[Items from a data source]
══════

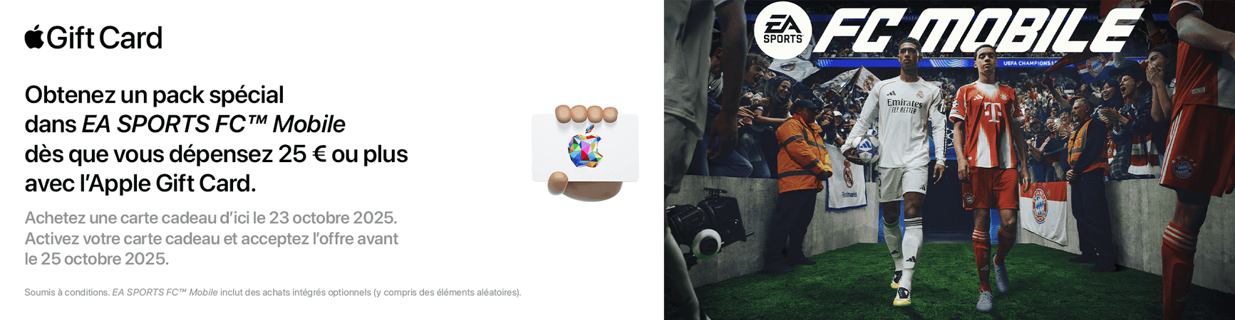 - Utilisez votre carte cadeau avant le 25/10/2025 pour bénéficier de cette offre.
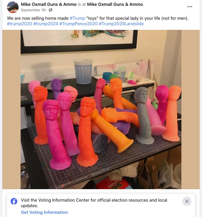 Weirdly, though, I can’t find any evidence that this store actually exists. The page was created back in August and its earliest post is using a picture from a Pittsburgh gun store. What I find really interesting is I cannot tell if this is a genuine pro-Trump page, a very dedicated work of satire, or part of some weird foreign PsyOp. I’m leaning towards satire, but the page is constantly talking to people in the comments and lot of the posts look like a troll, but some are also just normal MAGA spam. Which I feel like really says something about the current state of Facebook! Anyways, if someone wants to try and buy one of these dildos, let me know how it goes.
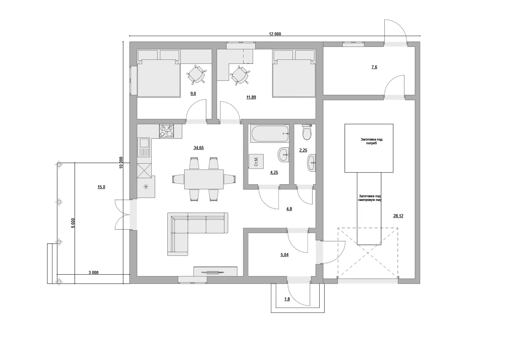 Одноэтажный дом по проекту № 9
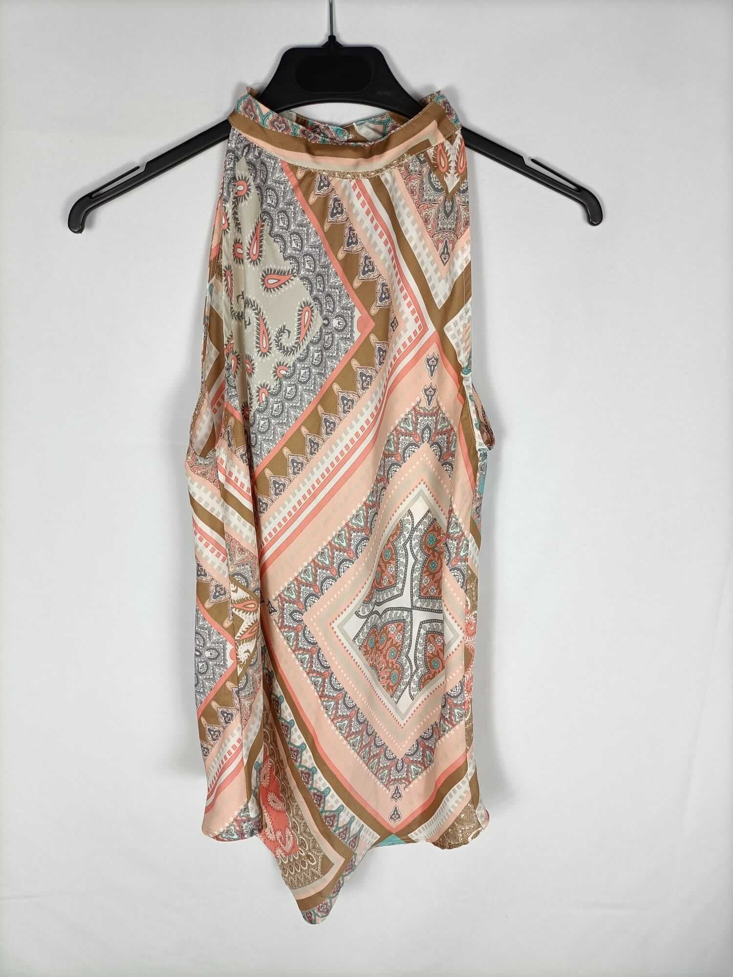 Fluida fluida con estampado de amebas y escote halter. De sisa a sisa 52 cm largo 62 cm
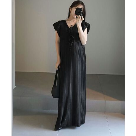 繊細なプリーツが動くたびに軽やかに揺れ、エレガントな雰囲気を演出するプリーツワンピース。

══════

▸ **What the exercise asks**: Quote the data above in full, leaving out the pictures it holds.

▸ **Solution to the problem**:
 - Utilisez votre carte cadeau avant le 25/10/2025 pour bénéficier de cette offre.
 Weirdly, though, I can’t find any evidence that this store actually exists. The page was created back in August and its earliest post is using a picture from a Pittsburgh gun store. What I find really interesting is I cannot tell if this is a genuine pro-Trump page, a very dedicated work of satire, or part of some weird foreign PsyOp. I’m leaning towards satire, but the page is constantly talking to people in the comments and lot of the posts look like a troll, but some are also just normal MAGA spam. Which I feel like really says something about the current state of Facebook! Anyways, if someone wants to try and buy one of these dildos, let me know how it goes.
 Одноэтажный дом по проекту № 9
 Fluida fluida con estampado de amebas y escote halter. De sisa a sisa 52 cm largo 62 cm
 繊細なプリーツが動くたびに軽やかに揺れ、エレガントな雰囲気を演出するプリーツワンピース。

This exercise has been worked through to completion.